I would expect to spot the message as spam automatically when sending it because of the similarity to the known spam messages and not, that a moderator/admin has to mark it every single annoying time again as spam.

If services like Stop Forum Spam, Akismet or Bad behavior don't classify the message as spam, it will not marked as spam. The option report (and delete) spam sends the message to one of the services (and delete the message). These spam-messages are some kind of training data but we have no influence of the decision of new postings and, thus, spam is not marked automatically.

No one is bound to create accounts and/or keys of these services.

To use Akismet, you need a key; Stop Forum Spam is limited to the number of requests; ...

Does anyone of you maintain a badword and/or IP filter list?

Yes.

Is there anything we can do (not only for this forum)? Anything, that's simple to use. Anything, that we can put in more than only the admins hands.

Enable the list for moderators, too. ;-)

/Micha

--
applied-geodesy.org - OpenSource Least-Squares Adjustment Software for Geodetic Sciences

Hello

I would expect to spot the message as spam automatically when sending it because of the similarity to the known spam messages and not, that a moderator/admin has to mark it every single annoying time again as spam.

The option report (and delete) spam sends the message to one of the services (and delete the message). These spam-messages are some kind of training data but we have no influence of the decision of new postings and, thus, spam is not marked automatically.

I know that, but I don't understand why it's not classified as spam. Since more than one year we encounter at an average of two to six spam messages of this kind per week. I mark every single of these postings as spam when I get them. I assume, that also you and Alfie mark these postings as spam and I assume, this forum is not the only site, where these spam messages occure.

If these messages were signalled as spam to Akismet or SFS one time after the other (what I assume), it is unintelligible for me, why they are not detected automatically.

No one is bound to create accounts and/or keys of these services.

To use Akismet, you need a key; Stop Forum Spam is limited to the number of requests; ...
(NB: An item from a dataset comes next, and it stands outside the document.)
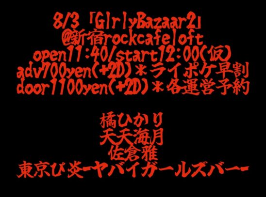 SCHEDULE 2024 08 03 Saturday DAY EVENT Girly Bazaar2 OPEN 11:40 - START 12:00 Tweet 橘ひかり 天天海月 佐倉雅 東京ぴ炎 TICKET早割 ¥700+2D(¥1,200)予約 ¥1,200+2D(¥1,200)ご予約は各種出演者にて受付※再入場不可 Share

Do you know the situation in case of Bad Behavior? Seems to be a local based solution.

Does anyone of you maintain a badword and/or IP filter list?

Yes.

Do you have the impression that it improves the spam prevention rate?

Is there anything we can do (not only for this forum)? Anything, that's simple to use. Anything, that we can put in more than only the admins hands.

Enable the list for moderators, too.

That's an intentionally good idea. But that means to open (parts of) the admin area to the moderators, which is actually not the case.

Tschö, Auge

--
Trenne niemals Müll, denn er hat nur eine Silbe!

Hello,

why it's not classified as spam.

This is part of the external algorithm, thus, I cannot answer this question.

Do you know the situation in case of Bad Behavior?

No.

Do you have the impression that it improves the spam prevention rate?

No, because postings that contain words, which are flagged as bad words, are blockt and not marked as spam.

That's an intentionally good idea. But that means to open (parts of) the admin area to the moderators, which is actually not the case.

...and maybe, we have more problems as before in case of false-positives.

/Micha

--
applied-geodesy.org - OpenSource Least-Squares Adjustment Software for Geodetic Sciences

Hello

why it's not classified as spam.

This is part of the external algorithm, thus, I cannot answer this question.

I know, I know. It was only a rhetorical question. :-)

Do you know the situation in case of Bad Behavior?

No.

Do you have the impression that it improves the spam prevention rate?

No, because postings that contain words, which are flagged as bad words, are blockt and not marked as spam.

Yes. Without a counter you'll never know, if the bad words and the IP filter works.

That's an intentionally good idea. But that means to open (parts of) the admin area to the moderators, which is actually not the case.

...and maybe, we have more problems as before in case of false-positives.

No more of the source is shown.